WORK INSTRUCTIONS =>
What's wanted here is the full listing below, repeated exactly, with no images in it.

SUPPLIED MATERIAL =>

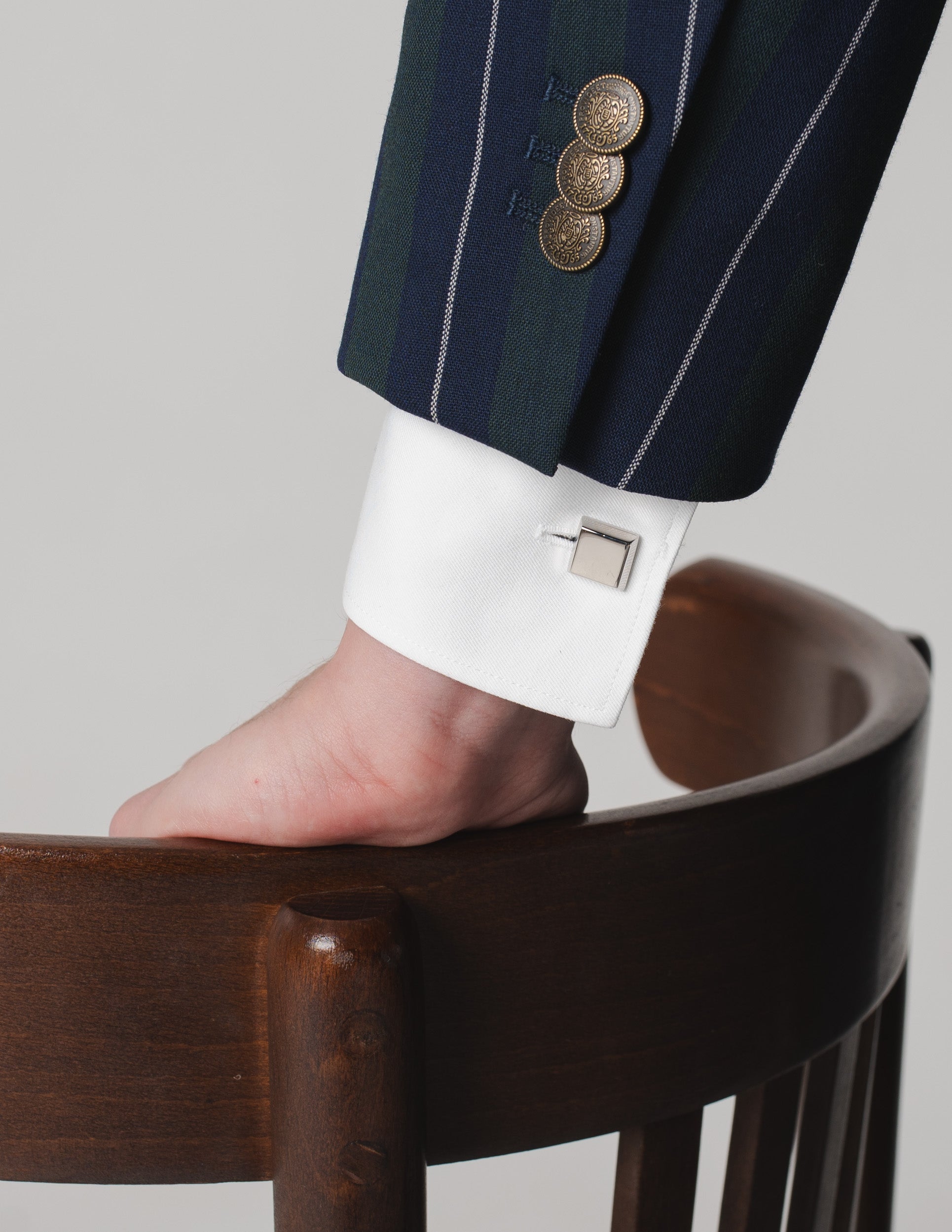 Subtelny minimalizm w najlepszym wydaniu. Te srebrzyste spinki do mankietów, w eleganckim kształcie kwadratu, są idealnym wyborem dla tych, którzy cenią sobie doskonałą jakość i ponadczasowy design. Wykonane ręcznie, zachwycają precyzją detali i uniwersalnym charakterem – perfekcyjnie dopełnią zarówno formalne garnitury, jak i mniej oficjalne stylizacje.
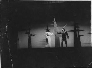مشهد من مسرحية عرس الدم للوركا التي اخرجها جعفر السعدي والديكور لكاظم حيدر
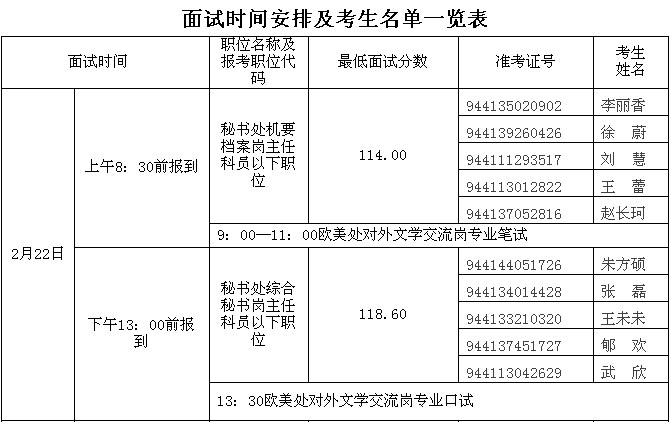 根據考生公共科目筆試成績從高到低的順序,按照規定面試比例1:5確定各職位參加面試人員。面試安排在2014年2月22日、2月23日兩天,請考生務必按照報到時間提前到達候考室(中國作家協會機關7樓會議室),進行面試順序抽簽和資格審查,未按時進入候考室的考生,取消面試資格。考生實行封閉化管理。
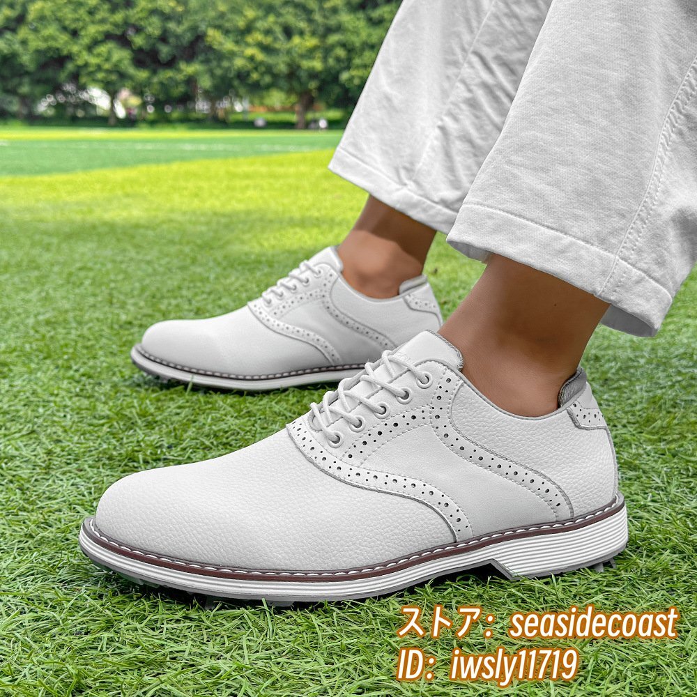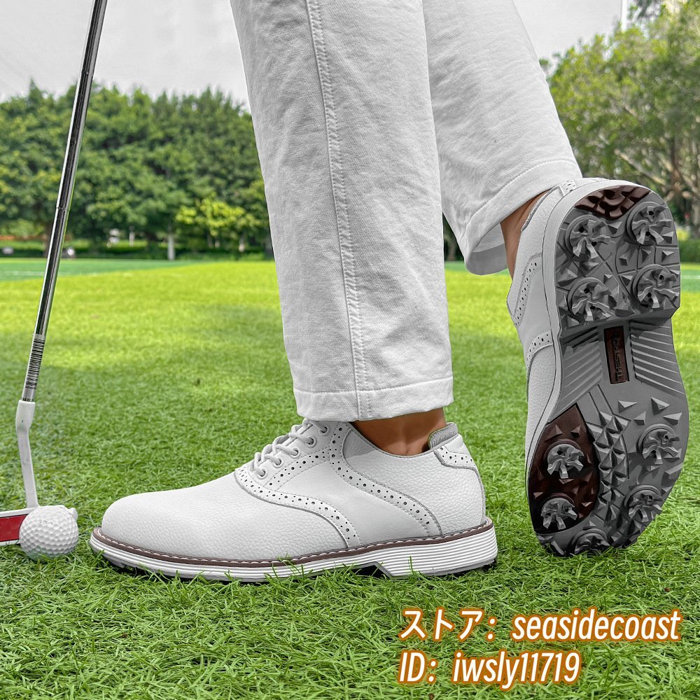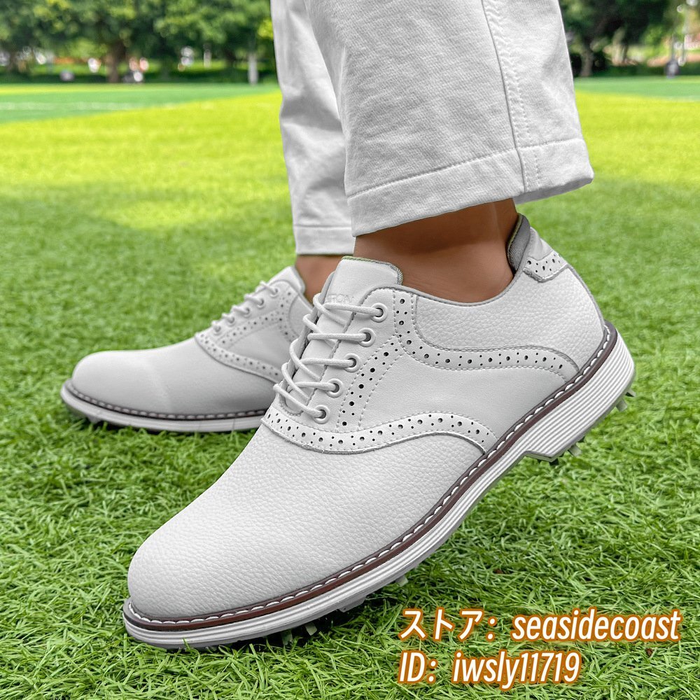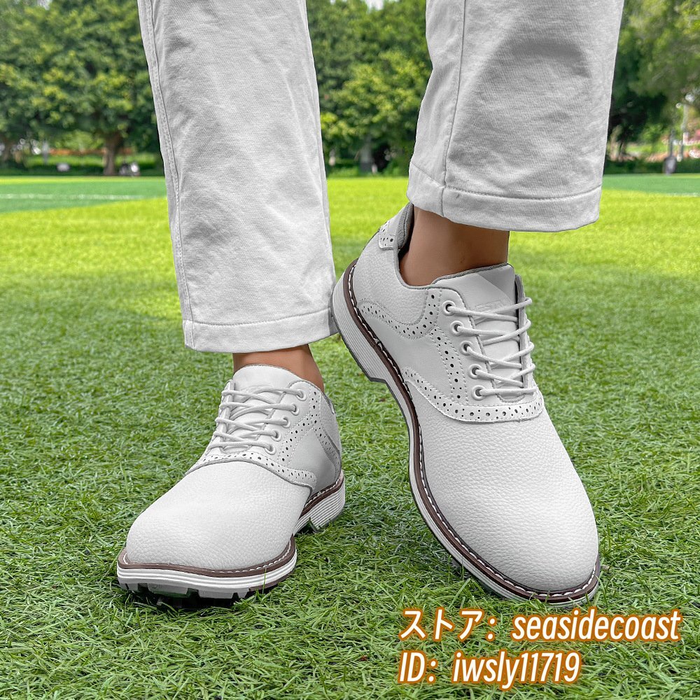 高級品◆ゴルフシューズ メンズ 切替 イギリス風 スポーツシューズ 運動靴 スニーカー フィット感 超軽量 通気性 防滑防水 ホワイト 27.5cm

EXERCISE RESPONSE =>
 Subtelny minimalizm w najlepszym wydaniu. Te srebrzyste spinki do mankietów, w eleganckim kształcie kwadratu, są idealnym wyborem dla tych, którzy cenią sobie doskonałą jakość i ponadczasowy design. Wykonane ręcznie, zachwycają precyzją detali i uniwersalnym charakterem – perfekcyjnie dopełnią zarówno formalne garnitury, jak i mniej oficjalne stylizacje.
مشهد من مسرحية عرس الدم للوركا التي اخرجها جعفر السعدي والديكور لكاظم حيدر
 根據考生公共科目筆試成績從高到低的順序,按照規定面試比例1:5確定各職位參加面試人員。面試安排在2014年2月22日、2月23日兩天,請考生務必按照報到時間提前到達候考室(中國作家協會機關7樓會議室),進行面試順序抽簽和資格審查,未按時進入候考室的考生,取消面試資格。考生實行封閉化管理。
 高級品◆ゴルフシューズ メンズ 切替 イギリス風 スポーツシューズ 運動靴 スニーカー フィット感 超軽量 通気性 防滑防水 ホワイト 27.5cm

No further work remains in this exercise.